Required work: Emit a verbatim copy of the lines below from the line with "Pair it with" through the line with "Elena LupuAm cumpărat", excluding pictures and everything outside that range.

Supplied material:
========================================
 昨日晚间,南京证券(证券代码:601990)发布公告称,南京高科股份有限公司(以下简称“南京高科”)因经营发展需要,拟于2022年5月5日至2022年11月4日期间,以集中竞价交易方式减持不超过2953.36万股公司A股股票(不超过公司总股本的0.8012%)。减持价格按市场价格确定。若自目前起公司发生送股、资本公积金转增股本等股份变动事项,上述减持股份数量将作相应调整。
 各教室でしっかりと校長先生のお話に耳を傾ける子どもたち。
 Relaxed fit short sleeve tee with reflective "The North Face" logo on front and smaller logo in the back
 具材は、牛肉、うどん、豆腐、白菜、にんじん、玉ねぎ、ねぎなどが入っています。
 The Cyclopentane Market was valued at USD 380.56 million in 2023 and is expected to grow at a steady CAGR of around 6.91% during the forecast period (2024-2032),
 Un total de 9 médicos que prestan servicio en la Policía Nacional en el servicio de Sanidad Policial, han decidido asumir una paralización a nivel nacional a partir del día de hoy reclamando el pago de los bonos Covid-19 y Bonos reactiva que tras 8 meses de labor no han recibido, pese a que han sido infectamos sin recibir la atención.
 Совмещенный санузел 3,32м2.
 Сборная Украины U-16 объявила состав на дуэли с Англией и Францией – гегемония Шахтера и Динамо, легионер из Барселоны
========================================
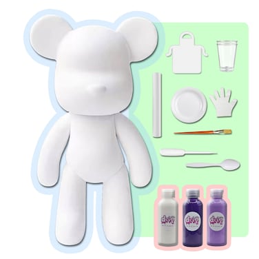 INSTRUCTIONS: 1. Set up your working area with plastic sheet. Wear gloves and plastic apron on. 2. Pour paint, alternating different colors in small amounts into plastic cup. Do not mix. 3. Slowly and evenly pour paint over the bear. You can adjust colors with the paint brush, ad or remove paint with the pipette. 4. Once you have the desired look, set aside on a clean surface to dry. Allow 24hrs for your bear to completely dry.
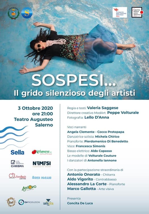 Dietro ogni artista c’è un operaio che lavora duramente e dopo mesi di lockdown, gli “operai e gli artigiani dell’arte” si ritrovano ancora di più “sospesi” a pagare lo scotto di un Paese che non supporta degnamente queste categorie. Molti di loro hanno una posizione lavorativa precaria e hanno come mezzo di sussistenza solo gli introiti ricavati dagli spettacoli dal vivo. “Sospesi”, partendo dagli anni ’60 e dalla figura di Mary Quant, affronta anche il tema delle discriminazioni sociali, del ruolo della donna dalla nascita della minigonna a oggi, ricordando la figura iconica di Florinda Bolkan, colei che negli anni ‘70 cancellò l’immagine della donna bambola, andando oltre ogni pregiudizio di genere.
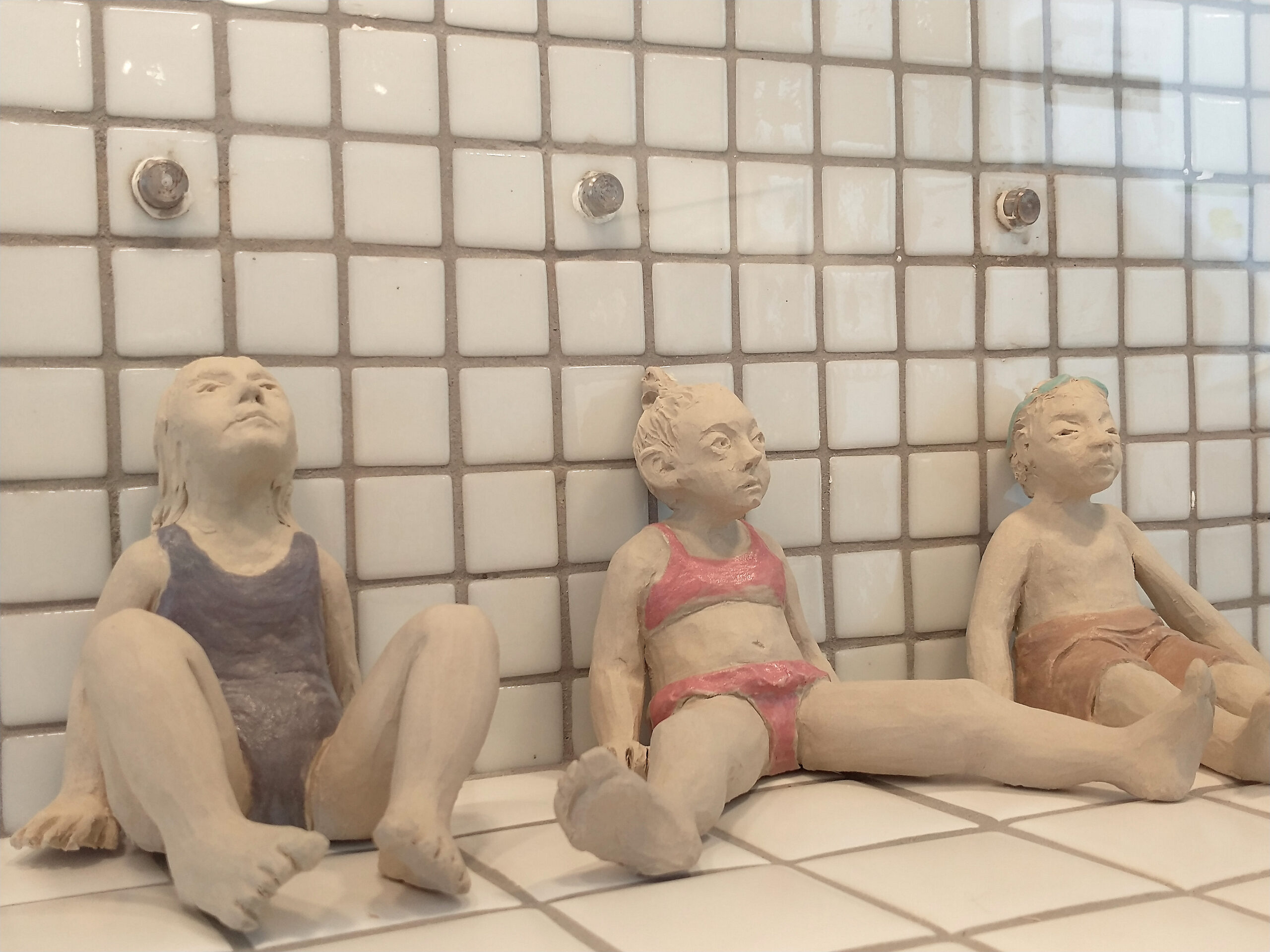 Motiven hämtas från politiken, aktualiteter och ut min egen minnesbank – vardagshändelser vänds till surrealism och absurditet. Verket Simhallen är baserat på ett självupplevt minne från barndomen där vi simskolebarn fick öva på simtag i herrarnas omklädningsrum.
========================================
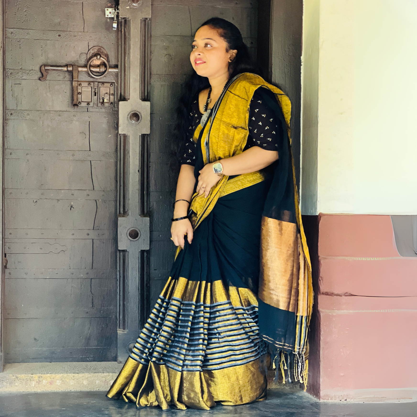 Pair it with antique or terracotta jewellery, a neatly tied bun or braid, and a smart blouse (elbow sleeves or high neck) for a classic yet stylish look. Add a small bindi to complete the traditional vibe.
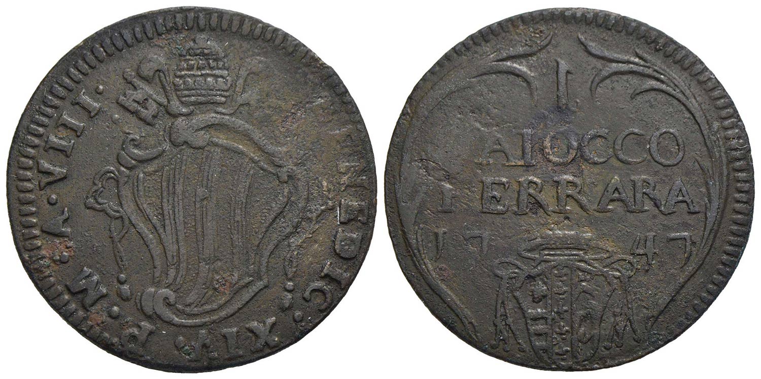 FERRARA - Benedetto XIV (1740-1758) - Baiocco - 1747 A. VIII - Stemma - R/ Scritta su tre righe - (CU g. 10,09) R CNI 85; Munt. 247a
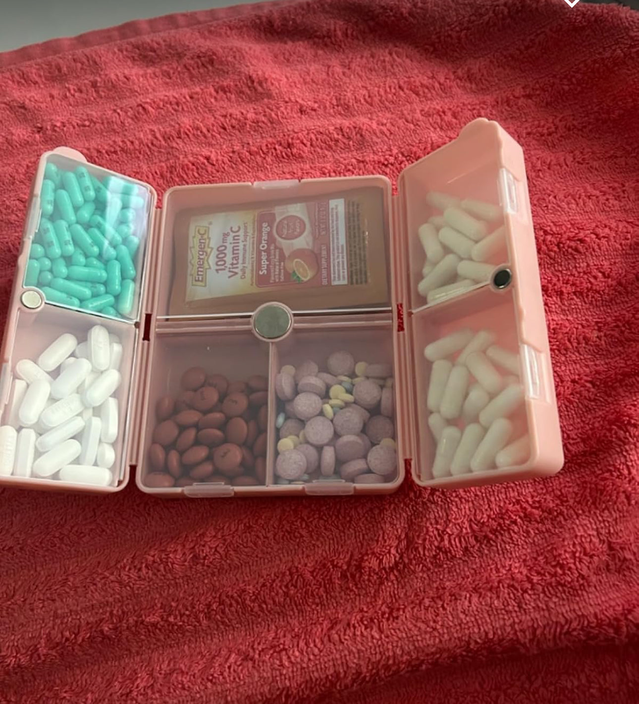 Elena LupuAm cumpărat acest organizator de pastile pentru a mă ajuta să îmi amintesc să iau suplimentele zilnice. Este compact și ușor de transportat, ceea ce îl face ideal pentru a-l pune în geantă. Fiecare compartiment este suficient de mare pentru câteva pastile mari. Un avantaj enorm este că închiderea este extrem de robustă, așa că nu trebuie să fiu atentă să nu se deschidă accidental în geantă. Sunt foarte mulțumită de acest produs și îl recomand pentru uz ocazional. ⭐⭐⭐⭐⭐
========================================
Exercise answer:
 Pair it with antique or terracotta jewellery, a neatly tied bun or braid, and a smart blouse (elbow sleeves or high neck) for a classic yet stylish look. Add a small bindi to complete the traditional vibe.
 FERRARA - Benedetto XIV (1740-1758) - Baiocco - 1747 A. VIII - Stemma - R/ Scritta su tre righe - (CU g. 10,09) R CNI 85; Munt. 247a
 Elena LupuAm cumpărat acest organizator de pastile pentru a mă ajuta să îmi amintesc să iau suplimentele zilnice. Este compact și ușor de transportat, ceea ce îl face ideal pentru a-l pune în geantă. Fiecare compartiment este suficient de mare pentru câteva pastile mari. Un avantaj enorm este că închiderea este extrem de robustă, așa că nu trebuie să fiu atentă să nu se deschidă accidental în geantă. Sunt foarte mulțumită de acest produs și îl recomand pentru uz ocazional. ⭐⭐⭐⭐⭐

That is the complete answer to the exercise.